USCIS Publishes Final Rule to Modernize Certain Employment-Based Immigrant and Nonimmigrant Visa ProgramsMonday, November 21st, 2016
The long-awaited final rule to modernize and improve several aspects of employment-based nonimmigrant and immigrant visa programs, in order to retain EB-1, EB-2 and EB-3 immigrant workers and high-skilled nonimmigrant workers, is moving forward and has made it through the OMB review process. It was published in the Federal Register on November 18, 2016 and will be effective in 60 days. USCIS has also amended regulations to better enable U.S. employers to hire and retain certain foreign workers who are beneficiaries of approved employment-based immigrant visa petitions and are waiting to become lawful permanent residents.

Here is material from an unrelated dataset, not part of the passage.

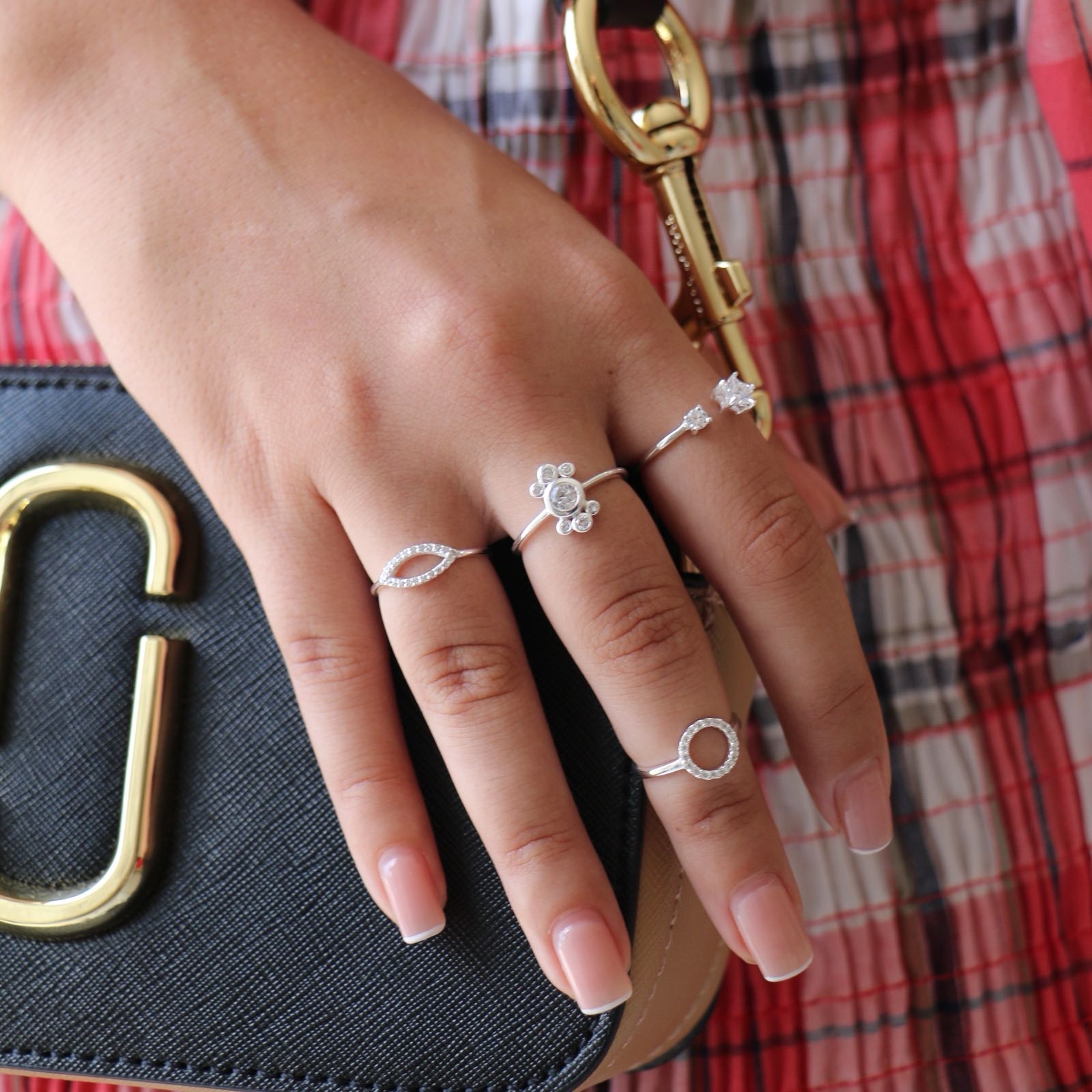 טבעת מכסף צורת עין וקריסטלים לבנים

This rule goes into effect on Jan. 17, 2017, just before President Obama leaves office.
Among other things, DHS is amending its regulations to:
- Clarifies and improves longstanding DHS policies and practices implementing sections of the American Competitiveness in the Twenty-First Century Act and the American Competitiveness and Workforce Improvement Act related to certain foreign workers, which will enhance USCIS’ consistency in adjudication.
- Better enables U.S. employers to employ and retain high-skilled workers who are beneficiaries of approved employment-based immigrant visa petitions (Form I-140 petitions) while also providing stability and job flexibility to these workers. The rule increases the ability of these workers to further their careers by accepting promotions, changing positions with current employers, changing employers and pursuing other employment opportunities. This means that you can use the previous employer’s I-140 petition to extend your H-1B with a new employer even if it is withdrawn (as long as it was withdrawn more than 180 days after approval), or in the event of the termination of the employer’s business. So, there is no I-140 portability; you will still need a new labor certification and I-140 petition to file your adjustment of status application.

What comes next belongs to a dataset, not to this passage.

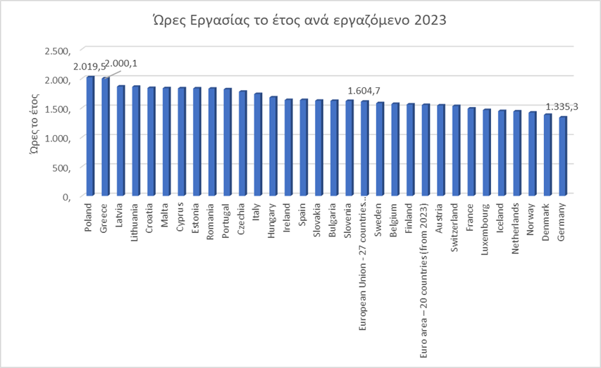Από  την  άποψη  αυτή  είναι  ενδιαφέρον  να  σημειωθεί  ότι  στην  Ελλάδα  από   το  παραγόμενο  προϊόν ανά  εργαζόμενο  μόλις  το  33%  αποτελεί  την  αμοιβή των  εργαζομένων  όταν  ο  μέσος  όρος  των  χωρών  της  Ευρώπης (Ε.Ε.-27)  είναι  41%. Στην  Βουλγαρία  οι  εργαζόμενοι  αμείβονται  με το  35%  του  παραγόμενου  προϊόντος  ανά  εργαζόμενο, τη  στιγμή  μάλιστα  που  οι  Έλληνες  εργάζονται  τις  πιο  πολλές  ώρες (2.000  ώρες)  ετησίως  ανά  εργαζόμενο, πίσω μόνο από την Πολωνία με  2.019  ώρες  ανά  εργαζόμενο  το  έτος, με τον  μέσο  όρο  των  χωρών  της  Ευρώπης  να  είναι  στις  1.604  ώρες  ετησίως  και  στην Βουλγαρία  ο  κάθε  εργαζόμενος  εργάζεται  1.617  ώρες  το  έτος (Δάγραμμα).

- The final rule provides two grace periods of up to 10 days, consistent with those already available to individuals in 13 some nonimmigrant classifications, to individuals in the E-1, E-2, E-3, L-1, and TN classifications. The rule allows an initial grace period of up to 10 days prior to the start of an authorized validity period, allowing nonimmigrants in the above classifications a reasonable amount of time to enter the US and prepare to begin employment. The rule also allows a second grace period of up to 10 days after the end of an authorized validity period, which provides a reasonable amount of time to depart the US or take other actions to extend, change, or maintain lawful status.
- Establishes a grace period of up to 60 consecutive days during each authorized validity period for certain high-skilled nonimmigrant workers when their employment ends before the end of their authorized validity period provided their authorized stay is valid for at least 60 days after such cessation. If not, the grace period will end on the date the authorized date is set to expire. This will obviously enable own to more readily pursue new employment and an extension of their nonimmigrant status.

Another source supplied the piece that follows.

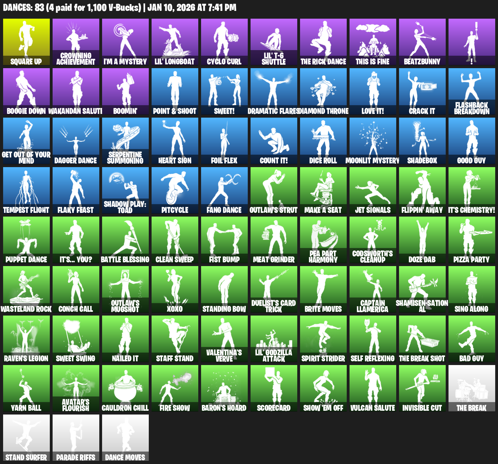 Square Up, Crowning Achievement, I’m a Mystery, Lil’ Longboat, Cyclo Curl, This is Fine, BeatzBunny, !, Boogie Down, Wakandan Salute, Boomin’, Sweet!, Dramatic Flares, Diamond Throne, Love it!, Crack It, Flashback Breakdown

- The Final rule allows allows certain high-skilled individuals in the United States to apply for work authorization, given:
- They are the principal beneficiaries of an approved Form I-140 petition,
- An immigrant visa is not authorized for issuance for their priority date, and
- They can demonstrate compelling circumstances exist that justify DHS issuing an employment authorization document in its discretion. Such employment authorization may only be renewed in limited circumstances and only in one year increments.
- Automatically extends the employment authorization in the same category and validity of Employment Authorization Documents for up to 180 days from the date of the prior EAD’s expiry (EADs or Form I-766’s) or until djudication of the EAD nrenewal application, for certain individuals who apply on time to renew their EADs. The Form I-9 rule is also updated to permit an I-797 receipt notice to be accepted as a permissible I-9 document, in conjunction with the expired EAD, to re-verify the foreign national’s work authorization. This additional 180-day period will not apply to those categories that first require the approval of an underlying application before the EAD renewal can be adjudicated.
- Eliminates the regulatory provision that requires USCIS to adjudicate the Form I-765, Application for Employment Authorization, within 90 days of filing and that authorizes interim EADs in cases where such adjudications are not conducted within the 90-day timeframe.
- Clarifies various policies and procedures related to the adjudication of H-1B petitions, including, among other things, providing H-1B status beyond the six year authorized period of admission, determining cap exemptions and counting workers under the H-1B cap program.